大量的实证研究表明，LLM 具有有前景的 zero-shot ranking 能力。实证研究证明了将知识从 LLM 迁移为强大推荐模型的强大潜力。我们旨在阐明进一步提高 LLM 排序能力的几个有前景的方向，包括：
- (1)：更好地感知 the order of sequential historical interactions。
- (2)：减轻 position bias 和 popularity bias。
对于未来的工作，我们考虑开发技术方法来解决在部署 LLM 作为推荐模型时上述关键挑战。我们也希望开发 LLM-based 的推荐模型，可以在下游 user behaviors 上进行高效调优，以实现有效的个性化推荐。

1.5 局限性

在本文的大部分实验中，ChatGPT 被用作主要的 target LLM 从而用于评估。然而，作为一个闭源商业服务，ChatGPT 可能在其核心大型语言模型之上集成了额外的技术来提高性能。
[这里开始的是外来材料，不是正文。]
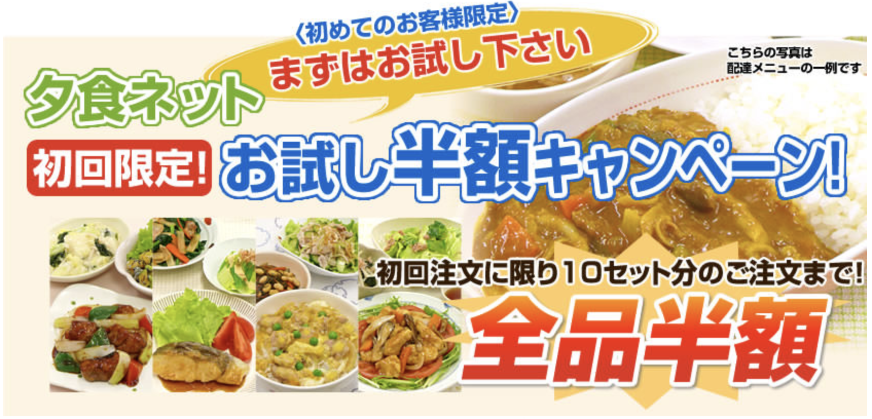 夕食.netでは、初めての利用者向けに50%OFFキャンペーンを実施しています。

虽然有可用的开源 LLM，例如 LLaMA 2 和 Mistral ，但它们与 ChatGPT 相比表现出显著的性能差距（例如，Table 3 中的 LLaMA-2-70B-Chat 与 ChatGPT）。这种差距使得仅使用开源模型评估 LLM 在推荐任务上的涌现能力（emergent abilities）变得困难。此外，我们应该注意，observations 可能受到特定 prompts 和数据集的 bias 所影响。